**Material to process:**
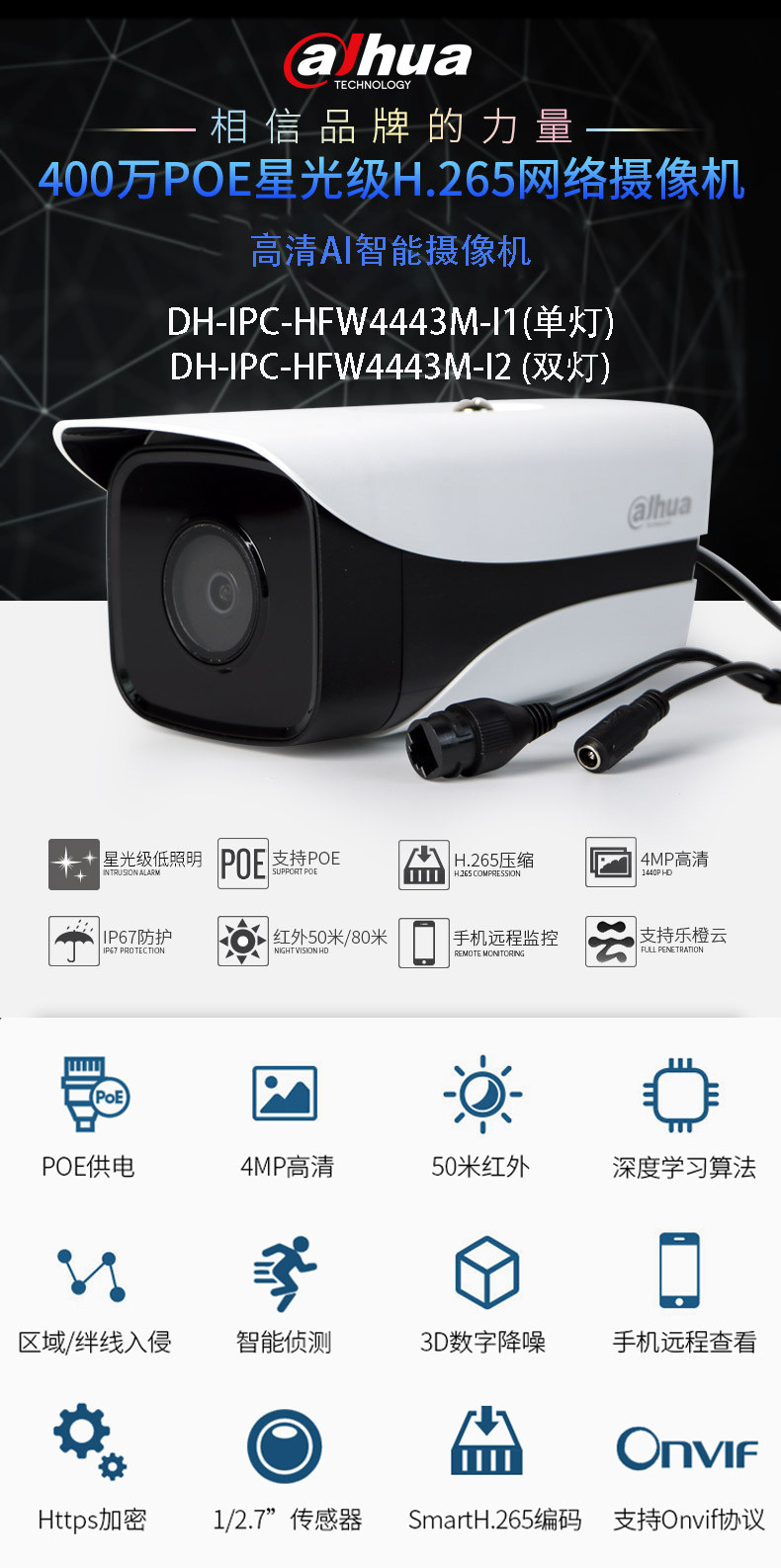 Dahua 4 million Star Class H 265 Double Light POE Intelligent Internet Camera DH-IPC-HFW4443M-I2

---

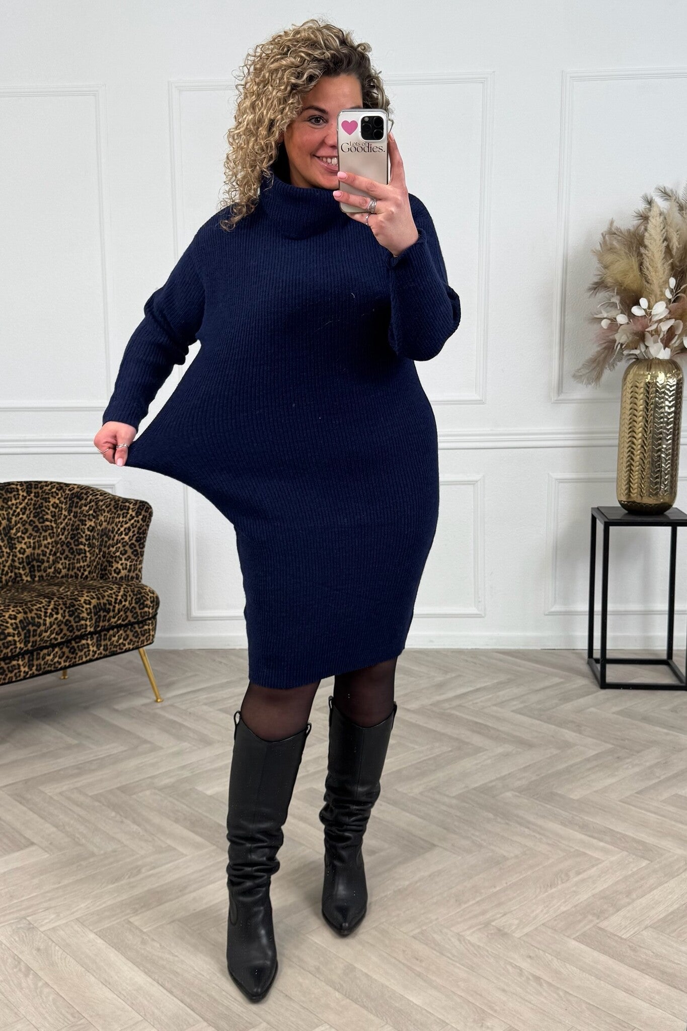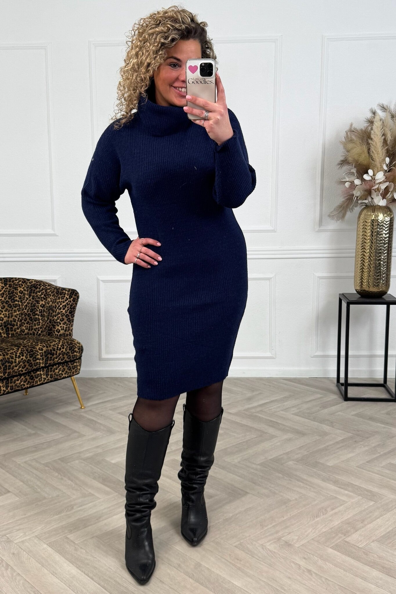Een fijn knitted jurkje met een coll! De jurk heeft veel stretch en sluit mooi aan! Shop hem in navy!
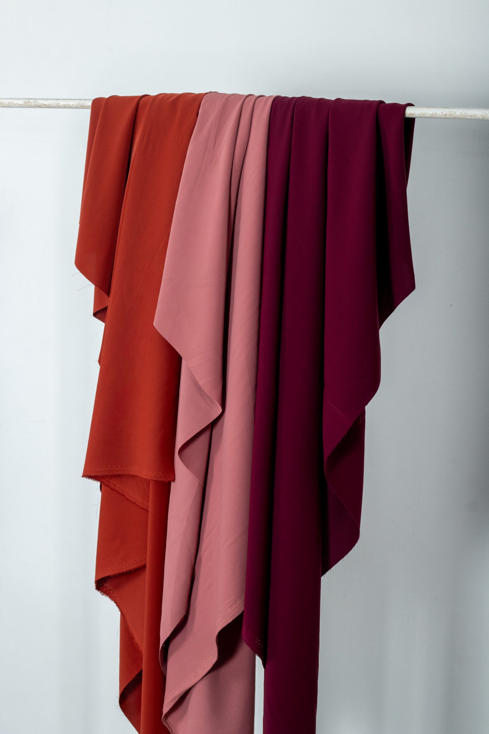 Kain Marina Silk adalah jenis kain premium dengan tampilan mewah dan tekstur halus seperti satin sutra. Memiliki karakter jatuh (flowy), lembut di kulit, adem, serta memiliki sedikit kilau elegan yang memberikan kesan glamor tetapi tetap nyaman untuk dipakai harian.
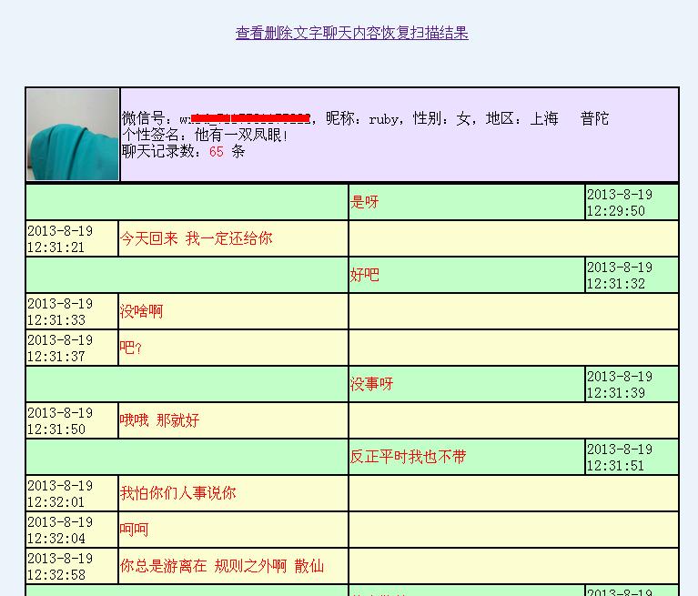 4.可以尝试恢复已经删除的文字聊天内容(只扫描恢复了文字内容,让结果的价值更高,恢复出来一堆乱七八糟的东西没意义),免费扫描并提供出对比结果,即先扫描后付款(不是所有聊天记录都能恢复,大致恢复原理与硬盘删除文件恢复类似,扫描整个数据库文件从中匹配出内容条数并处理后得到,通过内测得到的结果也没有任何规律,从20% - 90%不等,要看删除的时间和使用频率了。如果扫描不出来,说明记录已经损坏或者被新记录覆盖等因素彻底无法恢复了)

--

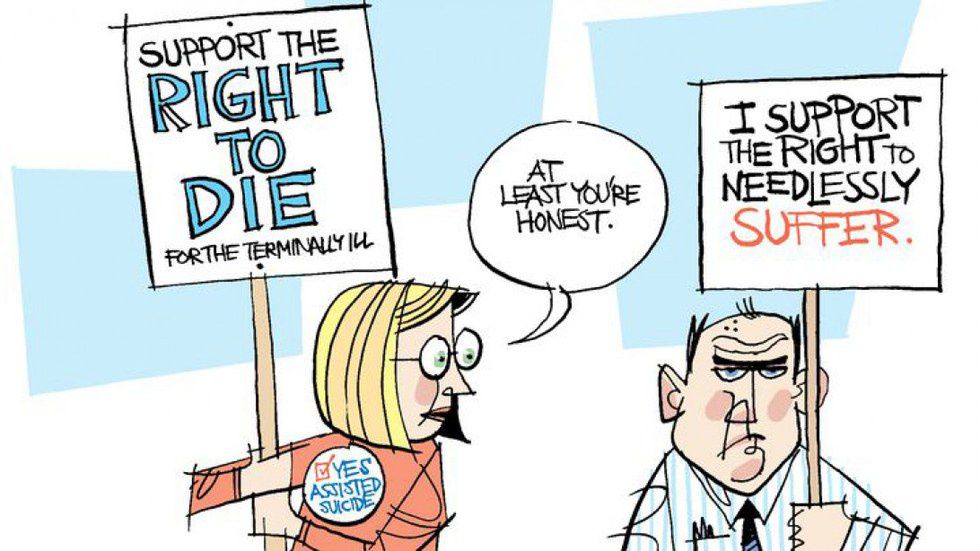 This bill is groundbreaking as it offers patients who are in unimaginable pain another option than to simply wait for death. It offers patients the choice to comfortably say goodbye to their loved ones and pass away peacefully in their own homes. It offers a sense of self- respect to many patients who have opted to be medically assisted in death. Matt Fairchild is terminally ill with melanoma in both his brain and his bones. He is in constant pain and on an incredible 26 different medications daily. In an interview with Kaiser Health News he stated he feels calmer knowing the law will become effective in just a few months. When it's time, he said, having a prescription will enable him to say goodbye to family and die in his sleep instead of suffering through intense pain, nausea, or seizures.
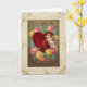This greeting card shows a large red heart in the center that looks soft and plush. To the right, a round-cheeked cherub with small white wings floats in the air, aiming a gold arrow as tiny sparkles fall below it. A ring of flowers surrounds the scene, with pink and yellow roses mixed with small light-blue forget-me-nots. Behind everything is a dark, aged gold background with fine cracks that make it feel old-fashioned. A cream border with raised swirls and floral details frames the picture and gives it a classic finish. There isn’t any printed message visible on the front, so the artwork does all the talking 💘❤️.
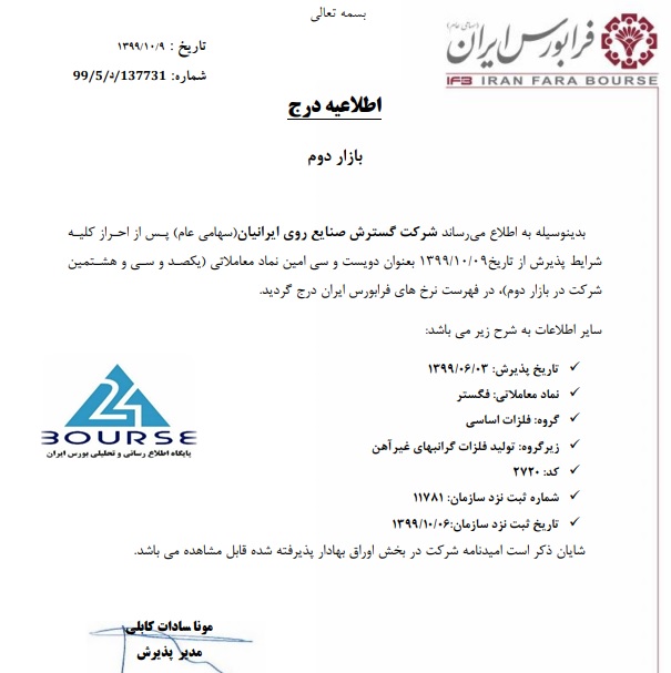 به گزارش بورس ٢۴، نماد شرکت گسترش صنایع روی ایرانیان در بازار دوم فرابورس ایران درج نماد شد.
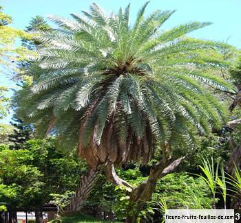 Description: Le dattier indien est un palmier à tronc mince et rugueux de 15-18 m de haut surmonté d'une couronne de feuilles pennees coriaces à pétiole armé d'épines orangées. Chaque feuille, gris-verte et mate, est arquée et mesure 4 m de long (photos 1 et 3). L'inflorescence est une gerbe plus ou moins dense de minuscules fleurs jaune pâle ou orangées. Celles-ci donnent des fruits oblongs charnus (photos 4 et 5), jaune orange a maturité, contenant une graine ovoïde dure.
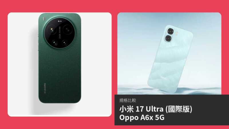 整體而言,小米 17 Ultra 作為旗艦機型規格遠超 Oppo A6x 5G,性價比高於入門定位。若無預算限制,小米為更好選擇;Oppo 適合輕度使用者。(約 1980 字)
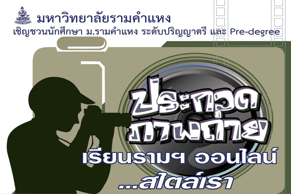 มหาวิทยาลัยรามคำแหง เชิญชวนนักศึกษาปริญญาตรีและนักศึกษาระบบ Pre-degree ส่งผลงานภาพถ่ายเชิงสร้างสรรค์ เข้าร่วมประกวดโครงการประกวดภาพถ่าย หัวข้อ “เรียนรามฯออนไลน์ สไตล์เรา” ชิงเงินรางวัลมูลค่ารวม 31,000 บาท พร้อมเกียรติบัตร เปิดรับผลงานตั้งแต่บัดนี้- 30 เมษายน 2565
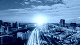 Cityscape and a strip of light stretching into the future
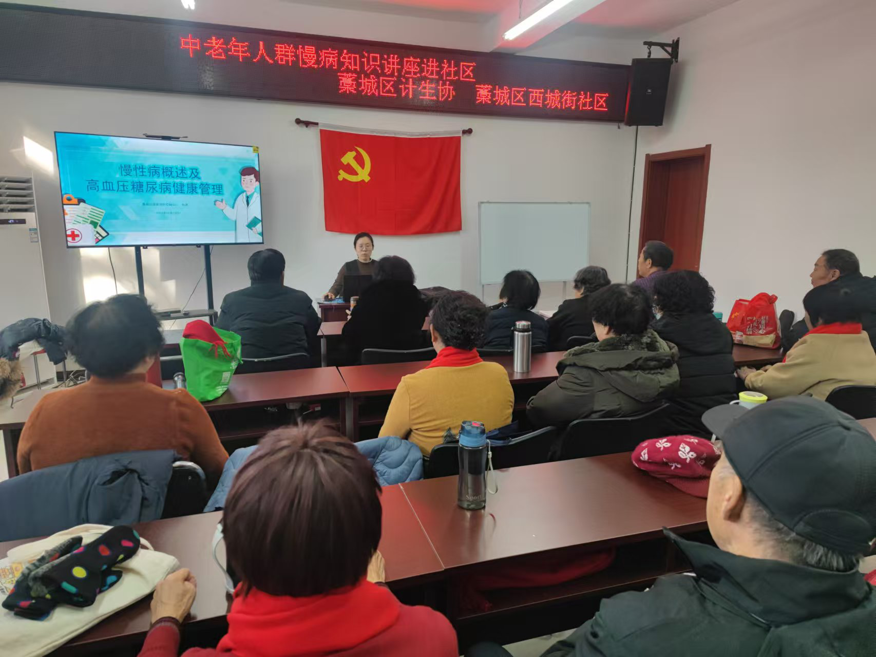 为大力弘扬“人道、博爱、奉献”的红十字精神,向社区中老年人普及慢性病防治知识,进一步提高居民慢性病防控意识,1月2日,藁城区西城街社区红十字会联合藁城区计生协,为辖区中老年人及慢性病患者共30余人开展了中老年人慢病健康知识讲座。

**What you have to do:** The lines to reproduce run from the one above containing "Een fijn knitted" through the one containing "Kain Marina Silk". Copy them exactly and leave out all pictures.

**Expected answer:**
Een fijn knitted jurkje met een coll! De jurk heeft veel stretch en sluit mooi aan! Shop hem in navy!
 Kain Marina Silk adalah jenis kain premium dengan tampilan mewah dan tekstur halus seperti satin sutra. Memiliki karakter jatuh (flowy), lembut di kulit, adem, serta memiliki sedikit kilau elegan yang memberikan kesan glamor tetapi tetap nyaman untuk dipakai harian.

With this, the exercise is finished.